Concretely: a Catholic reading this passage might ask whether their prayer life is intercessory in any sustained, self-denying way, or merely petitionary and brief. Committing to a Friday fast specifically for a person or intention in one's care — not as magic, but as a bodily act of dependence on God — is a direct application of verse 21. The disciples' willingness to ask "Why couldn't we?" models the kind of honest spiritual self-examination that belongs in regular confession and spiritual direction.
Verses 19–20 — Faith as Small as a Mustard Seed The disciples' private question — "Why couldn't we?" — is candid and humble; it is the question of people willing to examine their own failure. Jesus' answer, "because of your oligopistian" (littleness of faith, not total unbelief), is precise. He does not say they had no faith; he says their faith was insufficient for this particular contest. The mustard seed image (cf. Luke 17:6, where it uproots a mulberry tree) is a Jewish hyperbole for extraordinary, apparently impossible results — not a lesson in quantifying faith, but in the quality of living trust in God. The mountain that moves likely alludes to Zechariah 4:7, where a great mountain is leveled before Zerubbabel "by grace." Faith does not conjure its own power; it is the channel through which divine omnipotence operates.

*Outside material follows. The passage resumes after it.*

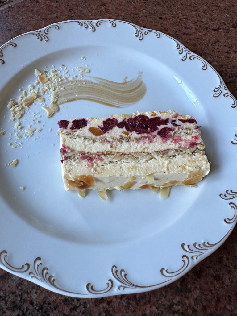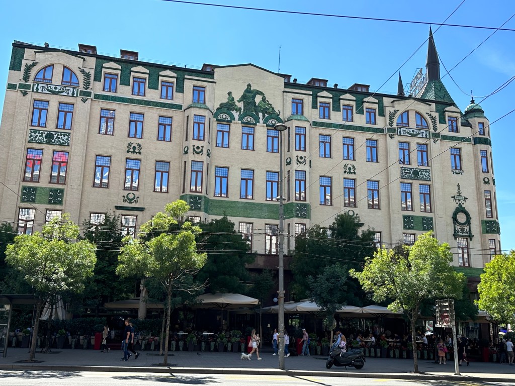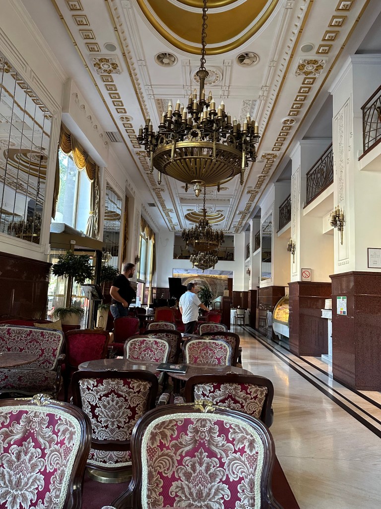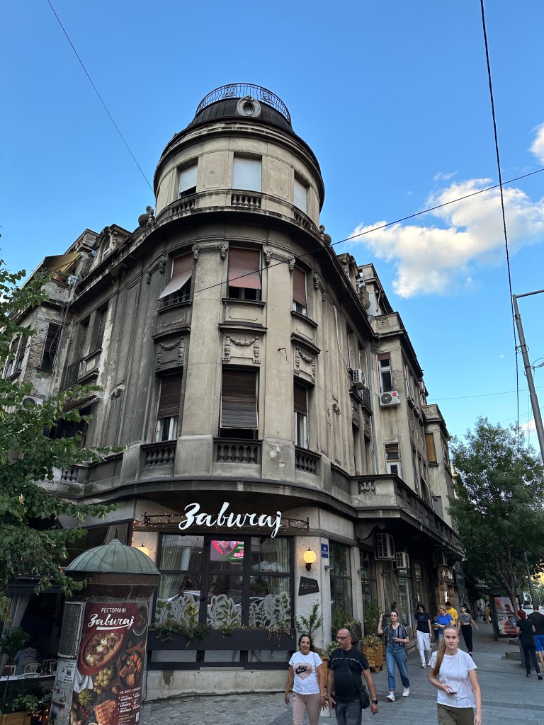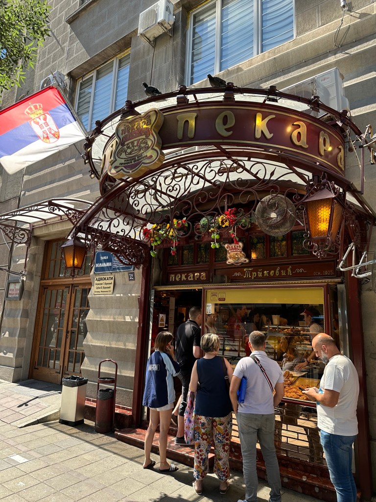 Serbian cuisine leans heavily on grilled meats and pies. Ćevapi are the flag bearer, even if Bosnia claims them too, and they rarely disappoint. Ajvar, made from red peppers, eggplant, and garlic, was the standout for me. Sweet, smoky, and just spicy enough, it works with almost everything. Serbian salad, a simple mix of tomatoes, cucumbers, onions, and salty white cheese, shows up everywhere and does exactly what it needs to do. Burek is a staple and Trpković Bakery lives up to its reputation with crisp, generously filled pastries, though slightly greasier than ideal. Meals are often paired with rakija, the local fruit brandy that is deceptively strong, sometimes spicy, occasionally anise-forward, and very much not meant to be rushed. Desserts are less emphasized, but the famous Moscow Cake at Hotel Moskva is spoken of with reverence. Visually stunning, though for me, overly sweet and flatter in flavor than expected.

Verse 21 — Prayer and Fasting Though absent from some manuscripts (and therefore bracketed in critical editions), verse 21 — "this kind does not go out except by prayer and fasting" — has strong patristic attestation and is reflected in Mark 9:29. Whether or not it was in Matthew's earliest text, it expresses a truth thoroughly consonant with the broader teaching: some spiritual struggles require disciplines that dispose the soul more completely to divine action. Prayer and fasting together signify a radical ordering of the self away from self-sufficiency and toward God.